Go through the listing below and write out exactly the lines from the one that mentions "Досвідчені туристи і" through the one that mentions "7月5日,bat365官方官", minus the pictures.

_MATERIAL SHOWN_
★ ★ ★ ★ ★ ★ ★

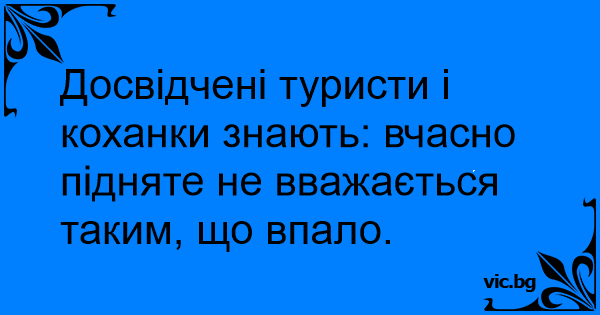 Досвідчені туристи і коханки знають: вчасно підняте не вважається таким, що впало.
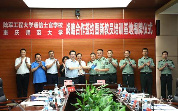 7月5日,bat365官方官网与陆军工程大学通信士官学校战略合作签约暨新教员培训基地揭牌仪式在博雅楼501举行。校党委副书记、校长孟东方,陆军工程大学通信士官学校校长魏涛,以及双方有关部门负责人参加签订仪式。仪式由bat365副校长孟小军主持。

★ ★ ★ ★ ★ ★ ★

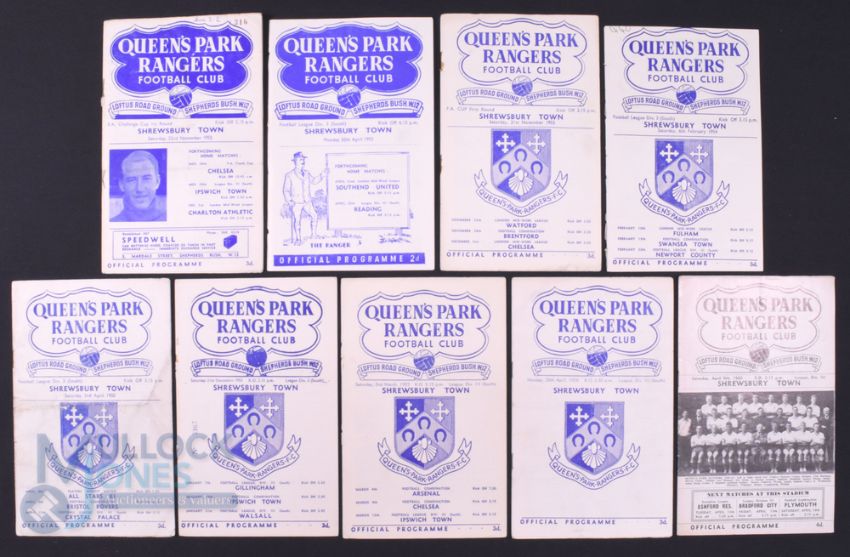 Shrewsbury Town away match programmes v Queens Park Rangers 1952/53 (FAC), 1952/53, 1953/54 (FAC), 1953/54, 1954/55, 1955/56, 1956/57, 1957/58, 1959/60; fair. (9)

★ ★ ★ ★ ★ ★ ★

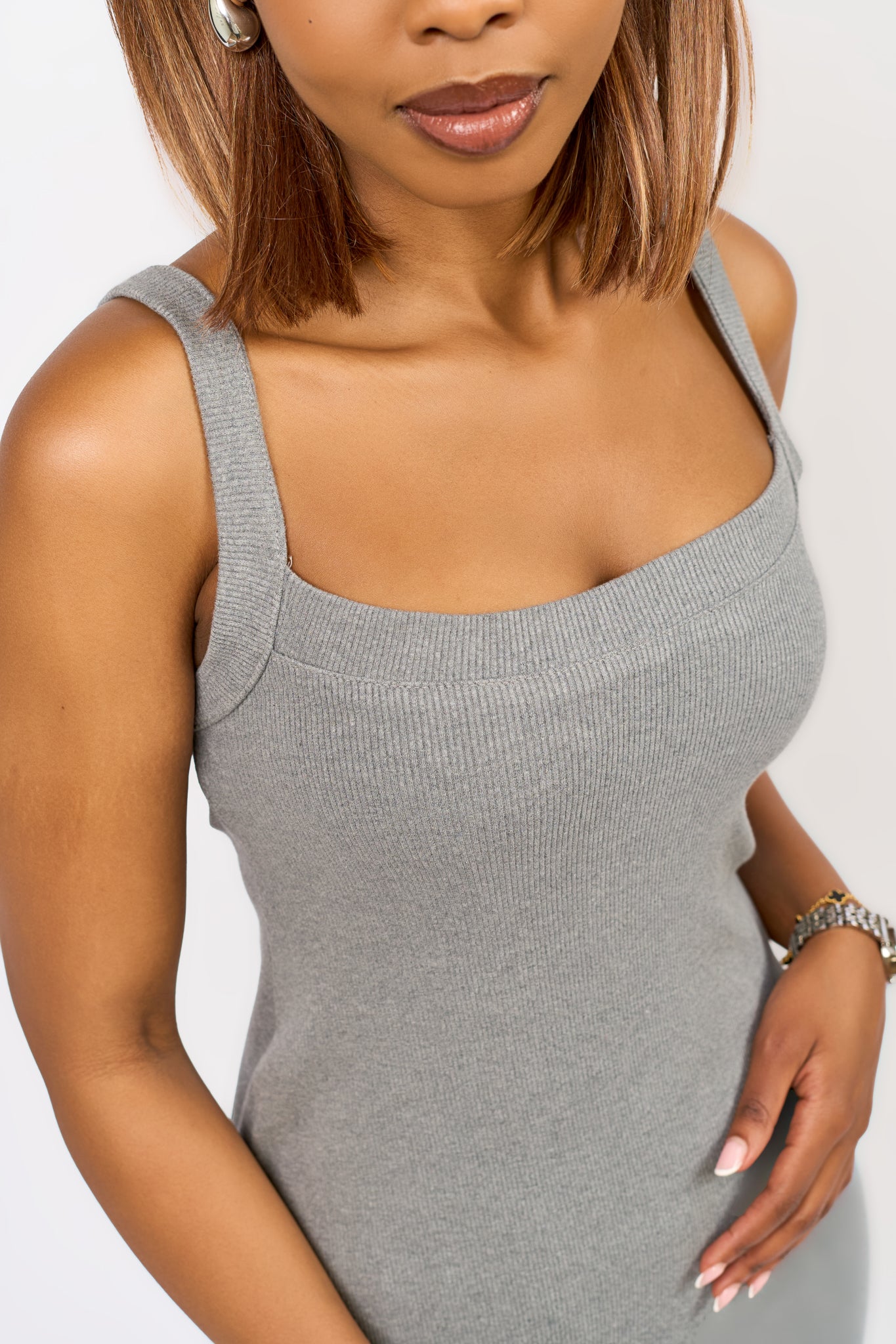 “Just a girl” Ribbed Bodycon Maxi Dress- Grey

★ ★ ★ ★ ★ ★ ★

_ANSWER SECTION_
 Досвідчені туристи і коханки знають: вчасно підняте не вважається таким, що впало.
 7月5日,bat365官方官网与陆军工程大学通信士官学校战略合作签约暨新教员培训基地揭牌仪式在博雅楼501举行。校党委副书记、校长孟东方,陆军工程大学通信士官学校校长魏涛,以及双方有关部门负责人参加签订仪式。仪式由bat365副校长孟小军主持。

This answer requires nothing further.